§ **Items from a dataset**
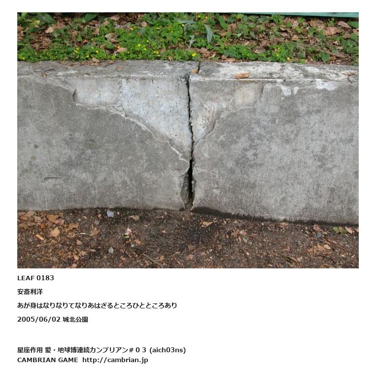 LEAF 0173フローに加えるLEAF 0183安斎利洋あが身はなりなりてなりあはざるところひとところあり2005/06/02 城北公園LEAF 0266フローに加えるLEAF 0189フローに加える
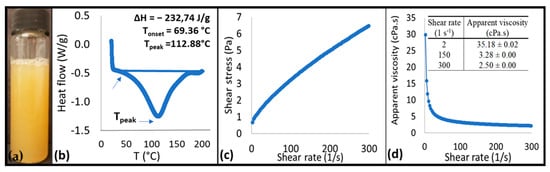 Appearance of CA (a); differential scanning calorimetry (DSC) thermogram (b); flow curve plotted as shear stress versus shear rate (c); and apparent viscosity versus shear rate (d) of CA.
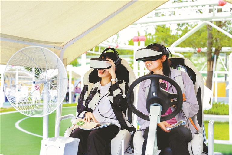 科技爱好者体验VR月球车。
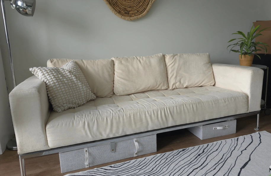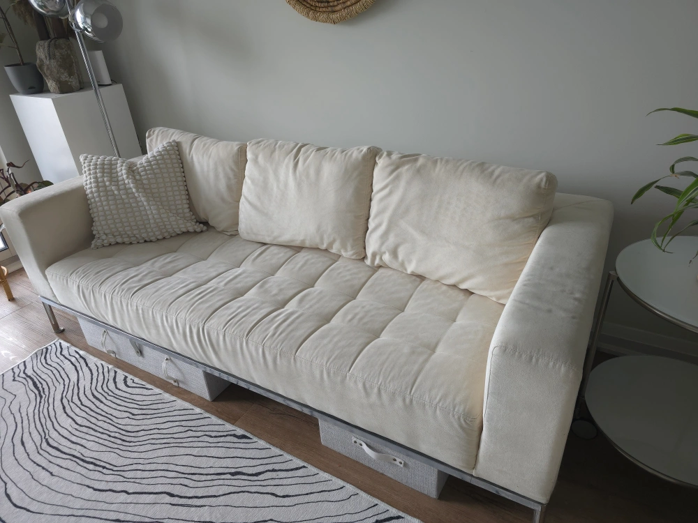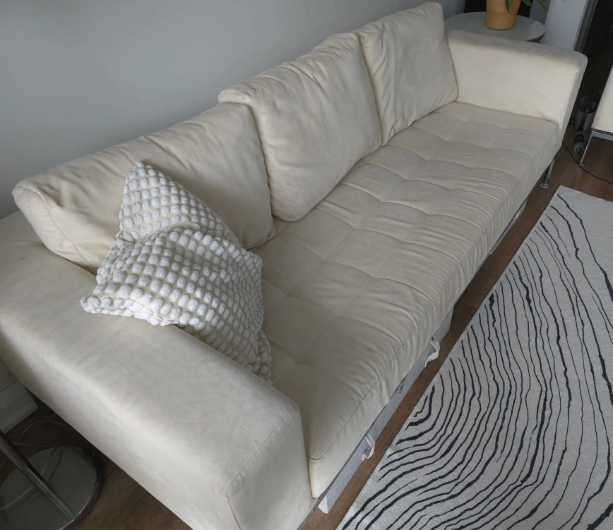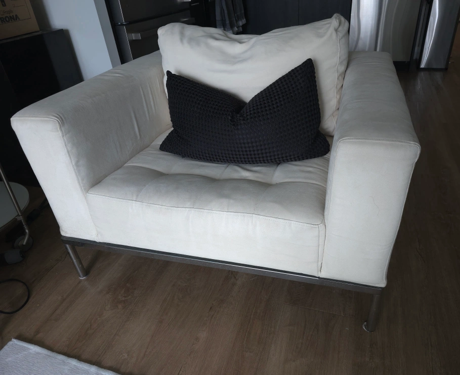 MOVING--MUST SELL! Modern cream color, microfiber fabric sofa (armchair-SOLD). Features tufting and sleek metal legs. Solid steel frame. Canadian made. Priced to sell quickly.
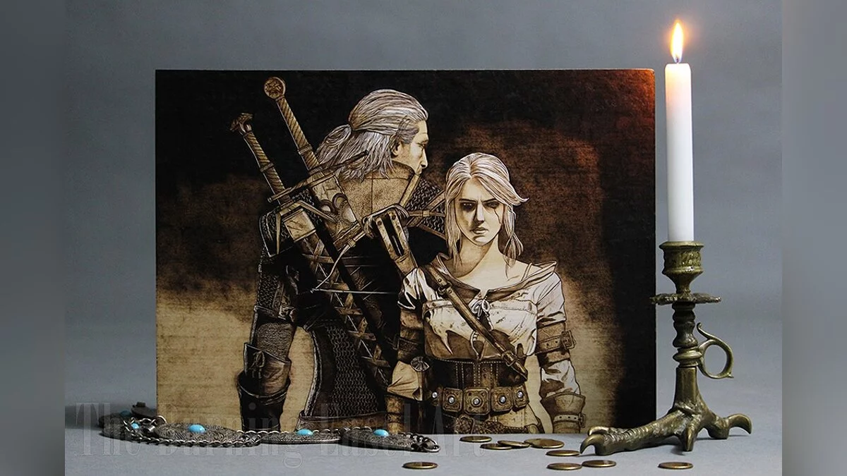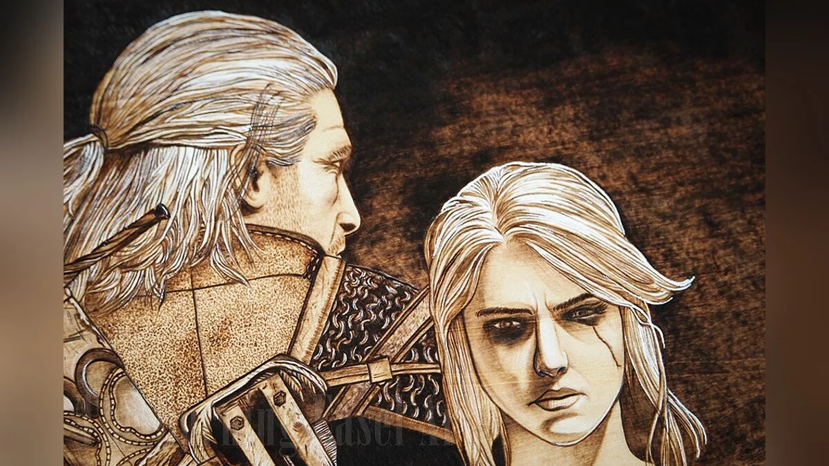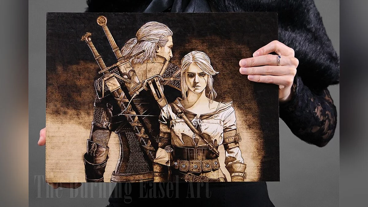 Девушка с ником The Burning Easel Art (признано в России экстремистской организацией) с помощью пирографии создала невероятно красивую и детализированную картину The Witcher 3: Wild Hunt. На ней изображены Геральт и Цири.
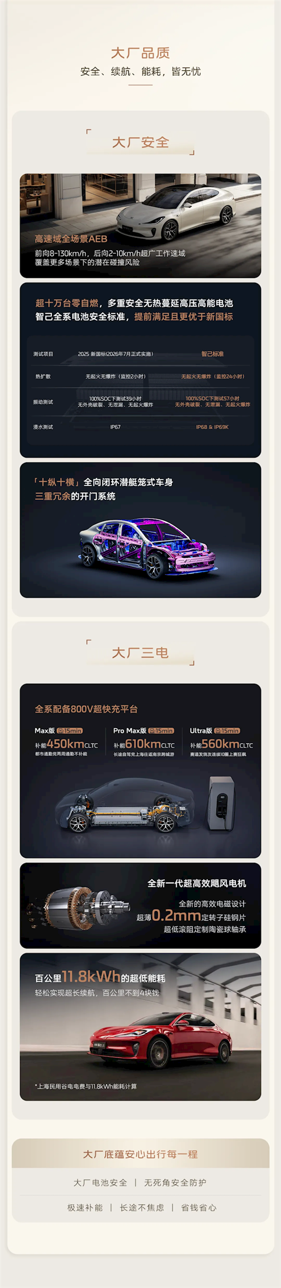 Max、Pro Max和Ultra三个版本的0-100km/h加速时间分别为5.9s、4.6s和2.74s;电池容量上,Max版为74kWh电池包,CLTC工况续航里程为690km;Pro Max和Ultra版均为100kWh电池包,续航分别为850km和780km。充电15分钟,最高补能610km。

§ **WHAT THE TASK ASKS**
Skipping every picture, transcribe exactly the lines above from the one containing "Appearance of CA" through the one containing "MOVING--MUST SELL! Modern", both included.

§ **ANSWER SPACE**
 Appearance of CA (a); differential scanning calorimetry (DSC) thermogram (b); flow curve plotted as shear stress versus shear rate (c); and apparent viscosity versus shear rate (d) of CA.
 科技爱好者体验VR月球车。
 MOVING--MUST SELL! Modern cream color, microfiber fabric sofa (armchair-SOLD). Features tufting and sleek metal legs. Solid steel frame. Canadian made. Priced to sell quickly.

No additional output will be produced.